The percent of female mice with uterine adenocarcinoma detected by histopathology is depicted at age 8 months. The number of mice examined for the ERΔ3 mice (black bar) at 8 mo (n=26, from Table 3) and for the previously reported MT-mER mice (grey bar) at 8 mo (n=26) [20]. Wild-type (WT) mice (open bar) are shown with the combined incidence in WT mice (FVB/N strain) for both studies for 8 mo of age: 47.5% for the combined studies (n=59) compared to 49% for the ERΔ3 study (see Table 1) and 46% for the MT-mER study [20]. Chi-squared analysis demonstrated statistical significance for the 8 mo age groups (p=0.0054). Comparisons between the genotypes by the Fisher’s exact test demonstrated significant increases in uterine cancer incidence for MT-mER (*, p<0.035) and for ERΔ3 mice (**, p=0.0046) compared to the combined WT group; however, the difference in incidence for the ERΔ3 vs. MT-mER mice was not significant (p> 0.05, Fisher’s exact test).

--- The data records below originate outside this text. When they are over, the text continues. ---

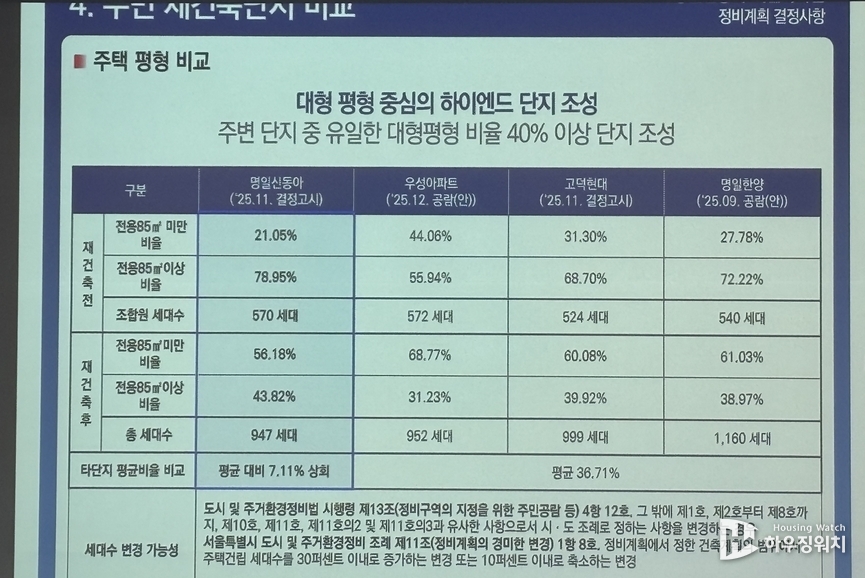 명일신동아는 인접 단지들과 달리, 대형평형 비율이 전체의 43.8% 가량을 차지한다. 객관적으로 ▲명일우성(31.2%) ▲고덕현대(33.9%) ▲명일한양(38.9%)과 비교했을 때도 많은 수치다. 다만 현재는 사업 초기 단계로 언제든 세대수 변경과 관련한 가능성이 큰 만큼, 대상지는 향후 정비계획의 경미한 변경을 통해 세대수 조정이 가능하다. 경미한 변경은 주택건립 세대수를 30% 이내로 증가하거나 10% 이내로 축소하는 경우 가능하다.
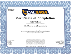 the individual completing the course. The certificate shall identify the course(s) taken, the number of hours of training provided, identification of the issuing entity, name of the individual and instructor and a date, and state that the course(s) comply with the Department of Consumer Affairs’ Skills Training Course for Security Guards and Proprietary Private Security Officers. The certificate shall be serially numbered for tracking. An institution or company providing the training shall maintain the Certificates of Completion for a period of no less than two years.
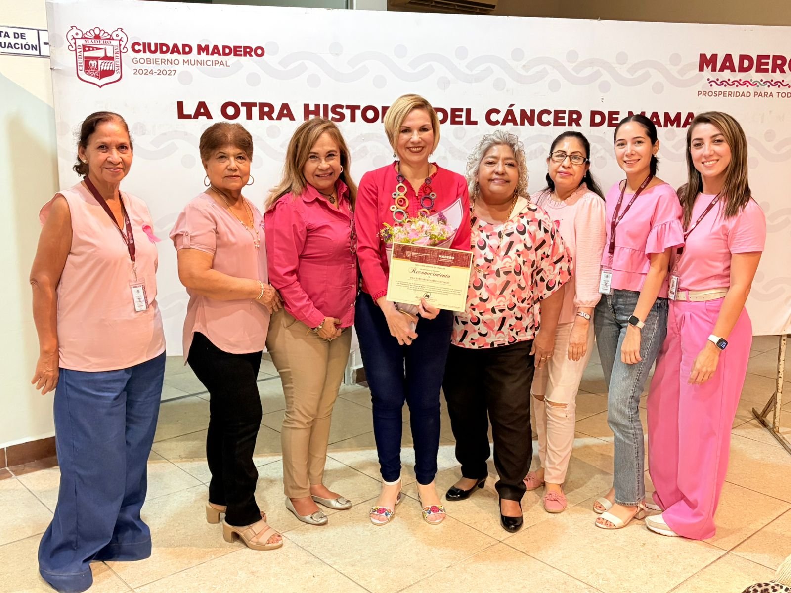 Al evento asistieron mujeres líderes de distintos sectores sociales y representantes de instituciones locales, entre ellas, la Dra. Diana Tejeda Martínez, Secretaria Técnica Regional de la Mesa de Seguridad; Lic. María de Lourdes Meléndez López, Oficial Segunda del Registro Civil; Lic. Ryghel Claudia Ham Lara, representante del STRM Sec. 18; Lic. María Elena Ortuño Guerrero, empresaria; Lic. Martha Magdalena Rodríguez Gutiérrez, Coordinadora General del Grupo GEMAS, representada por la Mtra. Magdalena Hernández García; y la Mtra. María Teresa Salinas López, fundadora de la asociación “Guerreras con Turbante”. Con estas acciones, el Gobierno de Ciudad Madero continúa promoviendo programas de salud con enfoque humano y perspectiva de género, reforzando la cultura de auto exploración y prevención.
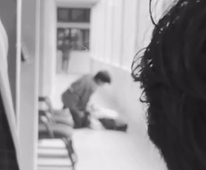 Foto tangkapan layar: Pelaku (kiri) tampak berlutut di dekat korban yang tergeletak usai insiden pembacokan di lingkungan kampus UIN Sultan Syarif Kasim Riau, Pekanbaru, Kamis (26/2/2026). Korban mengalami luka serius dan telah dilarikan ke rumah sakit untuk mendapat perawatan, sementara pelaku diamankan aparat keamanan. (ist)
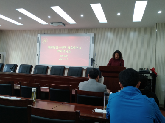 (通讯员:江伟贤)为深入学习贯彻习近平总书记在党史学习教育动员大会上的重要讲话精神,全面贯彻落实党的十九大和十九届历次全会精神,深入开展党史学习教育,围绕庆祝中国共产党成立100周年,教育引导学院师生进一步增强“四个意识”、坚定“四个自信”、做到“两个维护”,4月15日beat365中文登录入口在体育馆三楼科报厅召开“迎接建党100周年及党史学习教育动员大会”,学院党总支书记庞岚主持会议,马克思主义学院刘世勇书记及beat365中文登录入口全体教职工参加了此次大会。

3.3. Estrogen-Responsive Gene Expression in the Uterus

The accelerated onset of uterine cancer does not coincide with the predicted ability of ERΔ3 to inhibit ERα action. To test the potential of ERΔ3 to inhibit uterine estrogen responsive genes in the presence of WT ERα, the expression of progesterone receptor (Pgr) and lactoferrin (Ltf) was examined in line F ERΔ3 and WT uteri by real-time RT-PCR. No suppression was observed as their RNA levels were similar for WT and ERΔ3 mice (FVB/N strain) in estrus (when estrogen levels are high) for both the progesterone receptor (PR) (Fig. 4A) and lactoferrin genes (Fig. 4B).

Figure 4. Estrogen responsive genes in the uterus are not repressed by ERΔ3.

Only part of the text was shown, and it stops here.